Le premier volume est centré sur l'enfance et l'intégration du jeune Jung dans sa famille d'adoption, que l'auteur raconte avec beaucoup d'humour et de sensibilité. Une intégration fulgurante, au point qu'il en oublie quasiment ses origines, refoulées au plus profond de sa conscience. Il y raconte également la relation difficile qu'il entretient avec sa nouvelle mère, une femme froide, sévère et complexe, qui lui témoigne peu d'affection mais prend à coeur de lui assurer une solide éducation. Jung alterne les passages graves avec les épisodes plus légers, en soulignant l'immense complicité qu'il entretient avec ses frères et soeurs. Le second volume traite son adolescence et sa vie de jeune adulte. Son talent pour le dessin, qu'il évoquait déjà dans le premier volume s'y affirme, ainsi que sa passion pour le Japon, un Japon fantasmé à la fois si loin et si proche de cette Corée qu'il ne cesse d'occulter. Evidemment la découverte de la sexualité était un passage presque incontournable, mais Jung traite le sujet avec beaucoup d'humour et de simplicité, de manière explicite mais sans surenchère. De cette enfance Jung retient une chose essentielle, si ses parents ne lui ont pas toujours témoigné l'affection qu'il attendait ils lui ont donné, malgré leurs maladresses et leur sévérité, une vraie famille, la sécurité d'un foyer et à leur manière leur amour. Reste qu'en grandissant la question de ses origines finit par remonter à la surface et le taraude de manière de plus en plus pressante et viscérale. Avec la maturité arrive finalement le temps de la réconciliation, qui permettra de refermer les plaie et de se construire une identité  riche d'un passé trop longtemps refoulé.

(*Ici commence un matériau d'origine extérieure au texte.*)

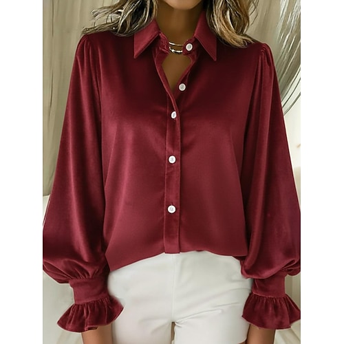 Capodanno Per donna Velluto Tinta unica Elegante Essenziale Manica Lunga Top Regolari Festa serale Ferie Uniformi da club Volant Blu Vino Oro Verde Azzurro Autunno Inverno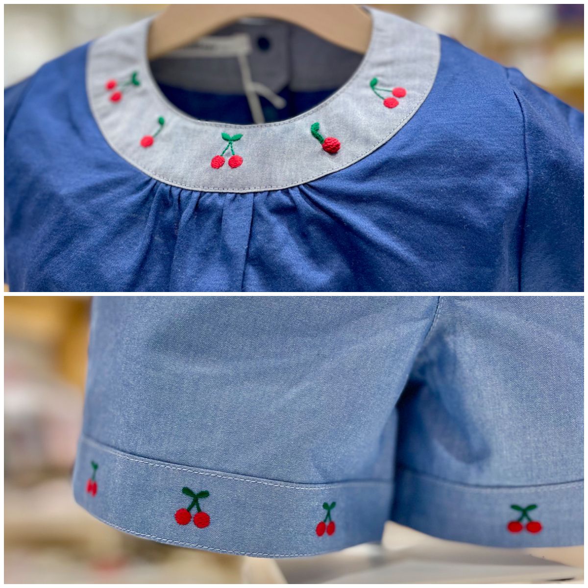 Tシャツの襟ぐりとキュロットに使用しているダンガリー素材はファミリア別注で、光沢感が特徴です。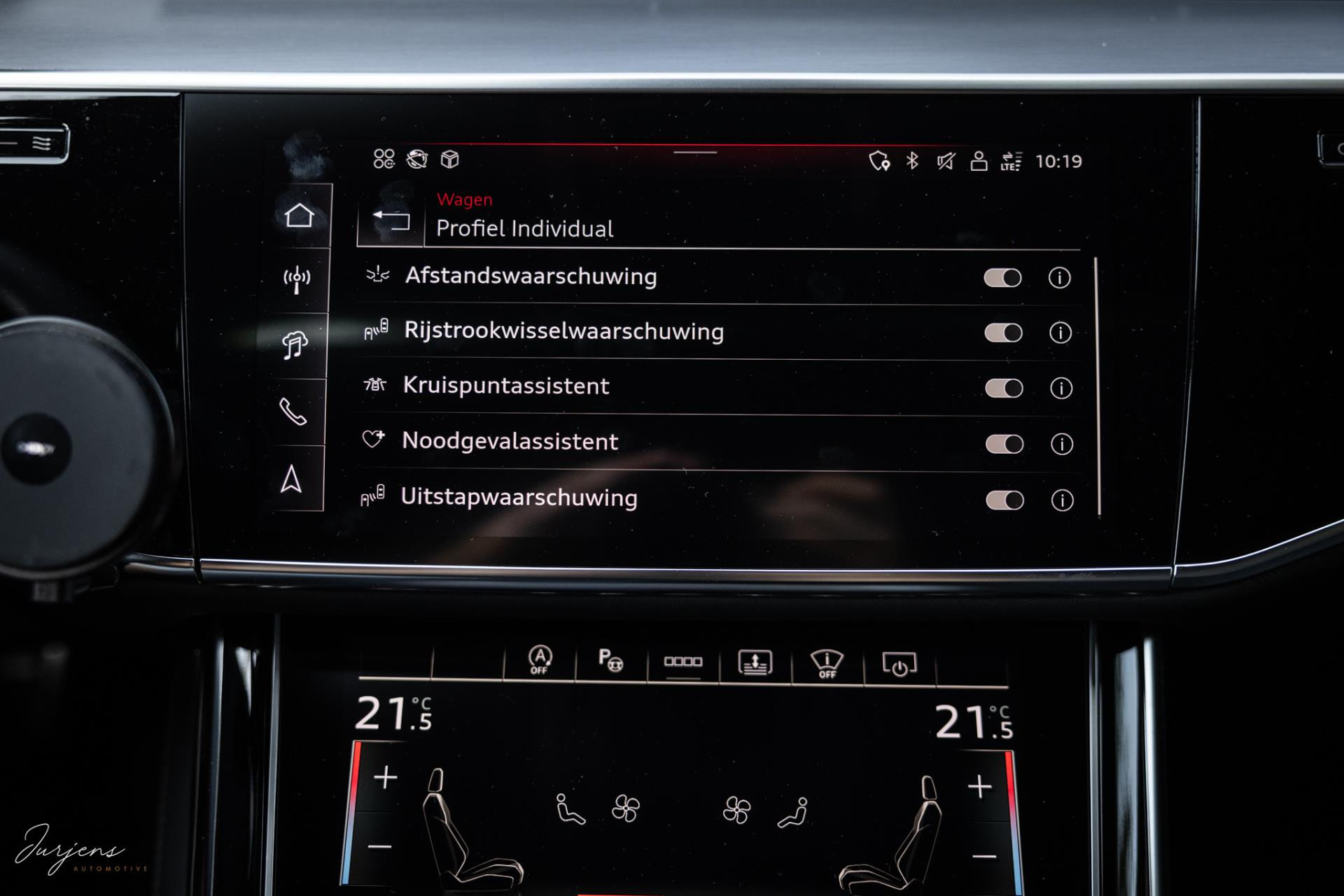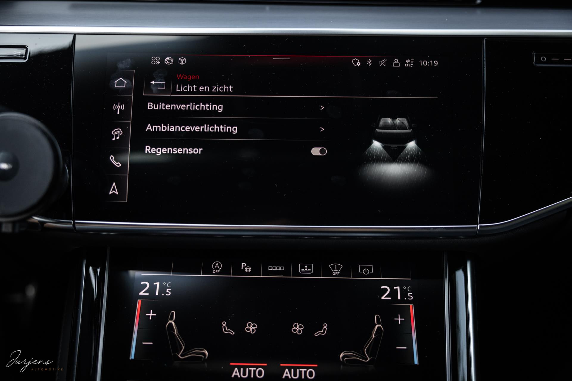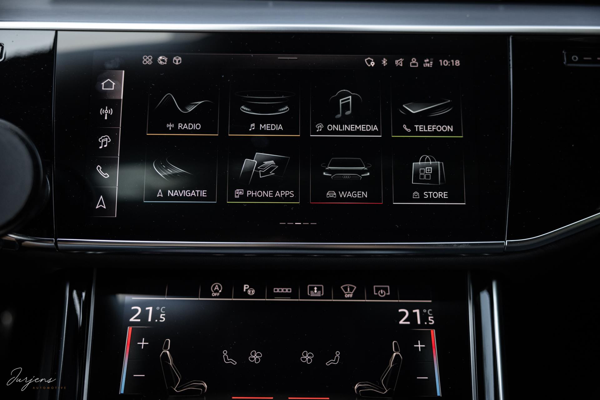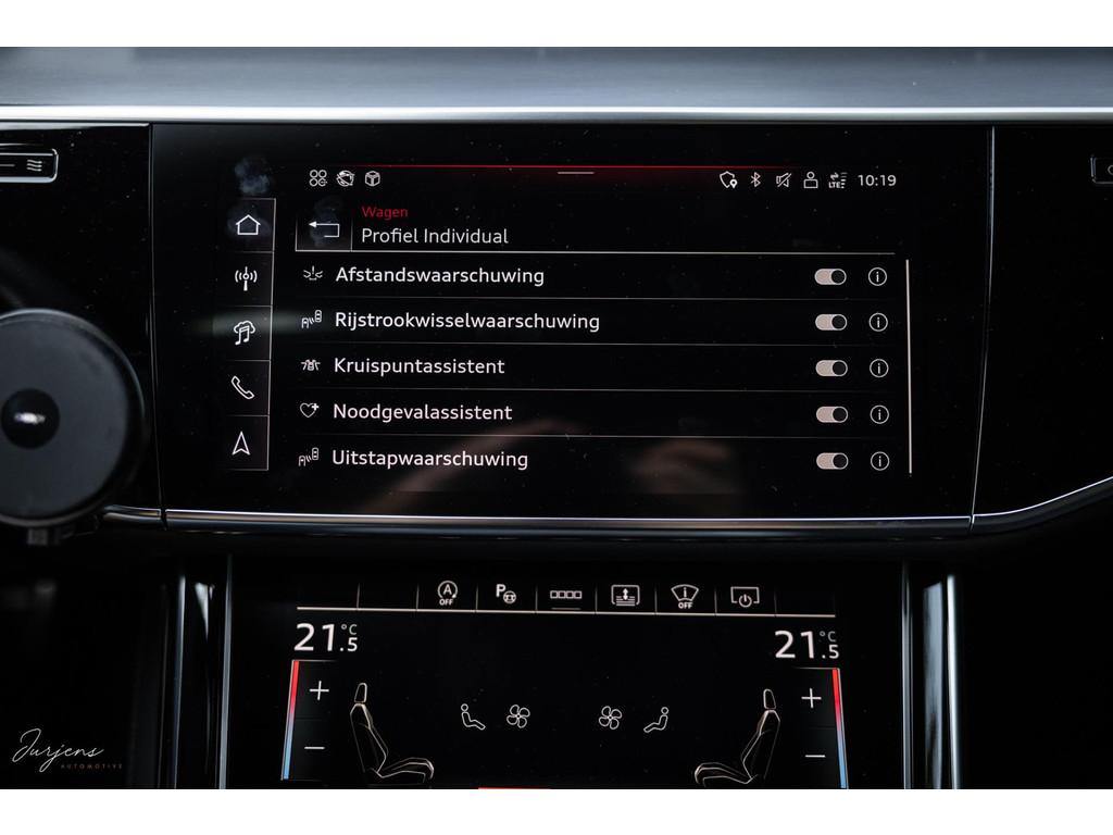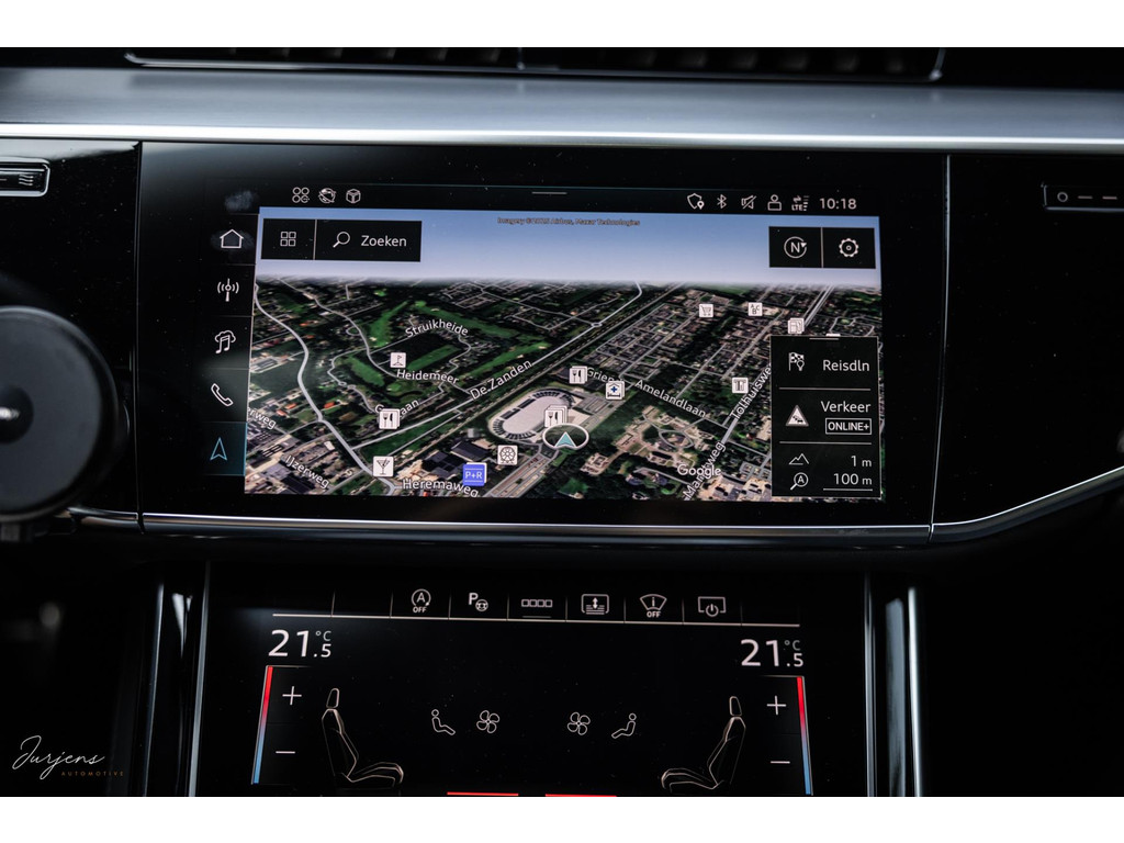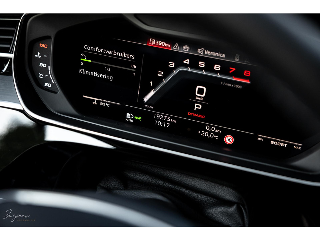 Voorin beschik je over de inmiddels bekende displays met haptische feedback. Werkelijk alle mogelijkheden die er af fabriek zijn werden gekozen. Van fraaie Area View camerabeelden tot de bediening van het Bang & Olufsen audiosysteem. Uniek zijn de digitale Matrix LED koplampen met ongeveer 1,3 miljoen spiegeltjes is de lichtopbrengst bizar en met de techniek die er achter schuil gaat rijd je vrijwel altijd met de maximale verlichting zonder dat overige weggebruikers er hinder van ondervinden. Deze koplampen gaan samen met de prachtige Matrix achterlichten met OLED techniek en Audi Signature. Het gaat te ver om iedere optie te benoemen, maar verdiep je in de talloze foto’s en de optielijst die we op wens kunnen aanleveren.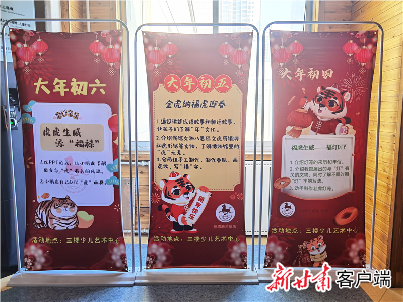 “后續(xù),還有大年初三的‘靈虎送福——虎紙漿畫DIY ’活動、大年初四的‘?;⑸?mdash;—福燈DIY ’活動、大年初五的‘金虎納福虎迎春’活動、大年初六的‘虎虎生威添‘福祿’活動’。”省博物館社會教育部主任盧冬介紹,每場活動面向約30名小朋友開展,經(jīng)過前期策劃準(zhǔn)備,除了省博物館社教部的10余名工作人員,給孩子們普及有關(guān)虎和北京冬奧會的知識,還有來自西北師范大學(xué)、蘭州二十七中等校的學(xué)生志愿者,指導(dǎo)輔助孩子們玩游戲、做手工。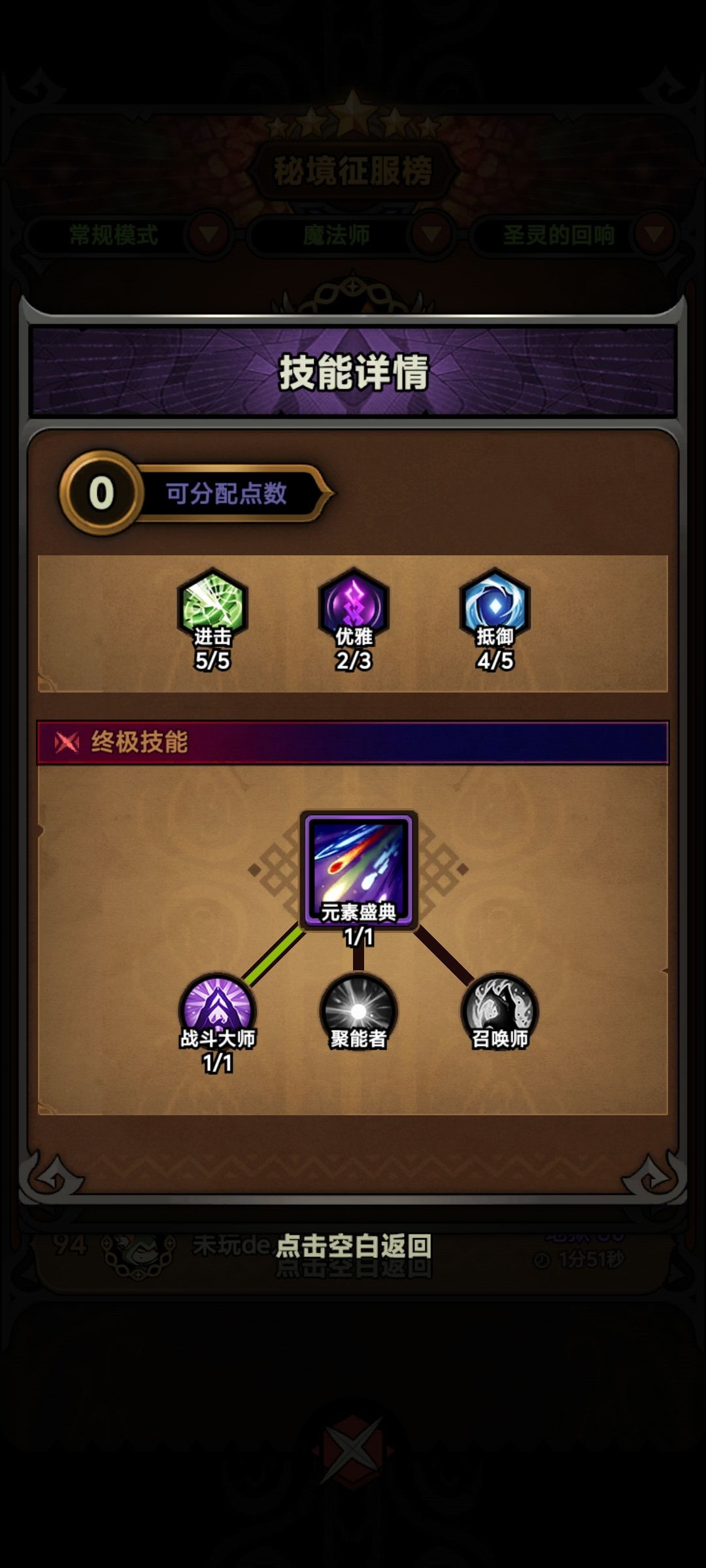 因为可能还是会有人需要配装跟技能加点,所以还是放一下图吧。技能这么加点主打一个肉,能莽,过图舒服,不脆皮。在同等装备下我试过霜降叠层,在你没有过70层以及很多远古去神铸的时候,没有元素潮汐的增伤是完全比不上冰普攻的。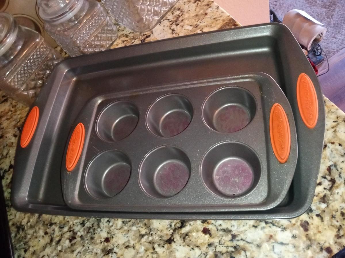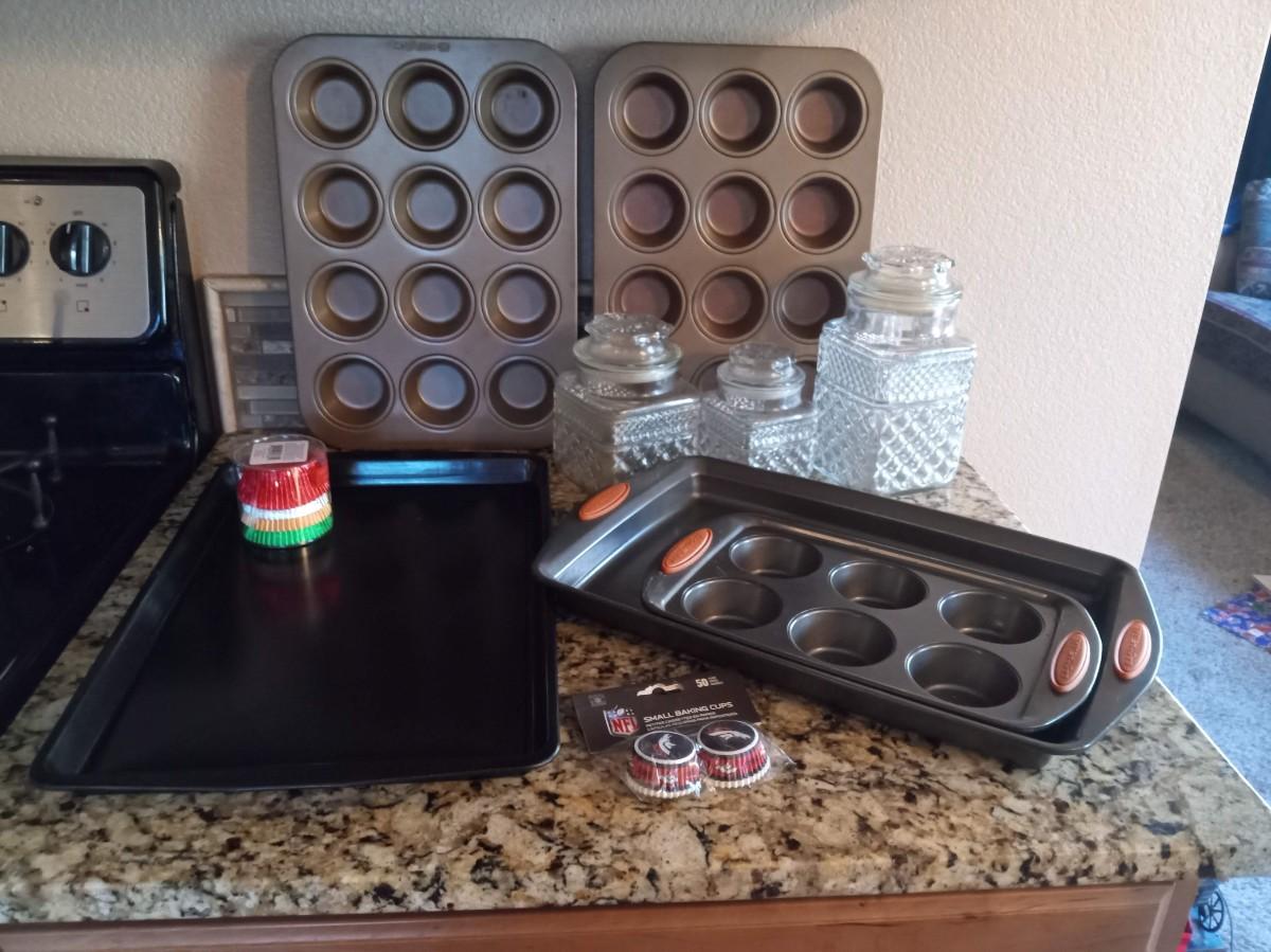 RACHAEL RAY BAKING PANS, MUFFIN PANS COOKIE SHEET AND GLASS CANISTERS

Dans la droite lignée du travail de Jiro Taniguchi, Jung possède ce talent rare qui consiste à transmettre de l'émotion à travers son texte et son dessin, le choix du noir et blanc est ici parfaitement adapté et recèle une palette de niveaux de gris et de nuances assez étonnante. Le travail sur les ombres est particulièrement réussi. Mais on est surtout fasciné et happé par la richesse émotionnelle tout en sobriété qui se dégage de cette oeuvre étonnante ; on sourit, on rit, une larme perle au coin de l'oeil à de nombreuses reprises au fil de cette histoire si émouvante racontée avec un talent hors norme et une gravité jamais pesante.